Accelerating space development by private entities
Pursuant to the legal framework outlined above, steady progress has been made in regard to space development by private entities in Japan, according to which the Japanese government has been seeking to further strengthen its space policy and to accelerate the growth of space-related businesses in Japan. At the heart of this active policy lies a number of critical factors, including the increasing tension in regard to international affairs, as exemplified by the crisis in Ukraine, and by the further rapid commercialisation of space globally. Another critical factor is the realisation in Japan that space technology can be a highly tool useful in predicting and coping with the aftermath of natural disasters.
Such factors, as well as the revised NSS in 2023 and the subsequent Space Security Initiative, which was newly introduced in 2024, both of which focus on space security, have finally brought about a significant shift in the national strategy for the development of space technology in Japan, a strategy that has now been expressly laid out in the revised BPSP 2023 and in the Strategy on Space Technology 2024. In regard to this new approach, the government will provide intensive funding for specific technologies that are selected from a strategic perspective, the total amount of which is expected to reach JPY 1tn JPY (approximately US$6.8bn), and which is intended to create the right environment for the accelerated growth of space-related business in Japan.
The progress made in regard to space-related technologies has necessitated a further update to the existing legal framework to regulate space-related businesses that rely on these new technologies. As mentioned earlier, the existing legal framework is far from complete and below we highlight a few of the attempts that are being made to fill in the gaps.

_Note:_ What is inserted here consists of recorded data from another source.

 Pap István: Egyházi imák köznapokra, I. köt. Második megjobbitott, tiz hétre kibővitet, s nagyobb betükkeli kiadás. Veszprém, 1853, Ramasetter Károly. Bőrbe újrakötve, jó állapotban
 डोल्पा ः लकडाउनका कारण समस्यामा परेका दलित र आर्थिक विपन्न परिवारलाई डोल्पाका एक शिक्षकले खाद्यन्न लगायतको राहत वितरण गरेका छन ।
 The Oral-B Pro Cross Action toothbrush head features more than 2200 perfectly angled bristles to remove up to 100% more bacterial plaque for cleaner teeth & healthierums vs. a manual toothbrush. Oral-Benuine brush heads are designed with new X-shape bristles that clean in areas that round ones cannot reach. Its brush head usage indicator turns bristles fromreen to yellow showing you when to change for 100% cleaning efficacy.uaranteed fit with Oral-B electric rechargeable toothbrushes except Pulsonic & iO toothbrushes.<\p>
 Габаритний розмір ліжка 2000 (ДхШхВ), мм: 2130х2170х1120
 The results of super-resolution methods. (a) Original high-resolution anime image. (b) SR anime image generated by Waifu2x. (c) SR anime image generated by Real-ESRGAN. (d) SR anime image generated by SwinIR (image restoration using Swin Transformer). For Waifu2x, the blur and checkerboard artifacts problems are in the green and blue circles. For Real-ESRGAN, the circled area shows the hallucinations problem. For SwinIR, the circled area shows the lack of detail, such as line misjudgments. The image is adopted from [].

Permission to carry out spacecraft control for new business activities: on-orbit services and moon exploration
With respect to on-orbit services (OOSs), such as the repair of launched satellites and active debris removal (ADR), an additional guideline was released in 2021 for applicants requesting permission to be involved in spacecraft control OOS undertakings. Considering that OOSs generally involve complex legal issues, the new guideline requires applicants to confirm the registration of target satellites and their compliance with the relevant regulations in other states, as well as the existence of preventive measures against debris generation and notification processes related to any change in its orbit. The successful, widely-reported experimental mission involving ADR by Astroscale, a Japan-headquartered space services company, in 2024, was conducted under the purview of this new regulatory framework.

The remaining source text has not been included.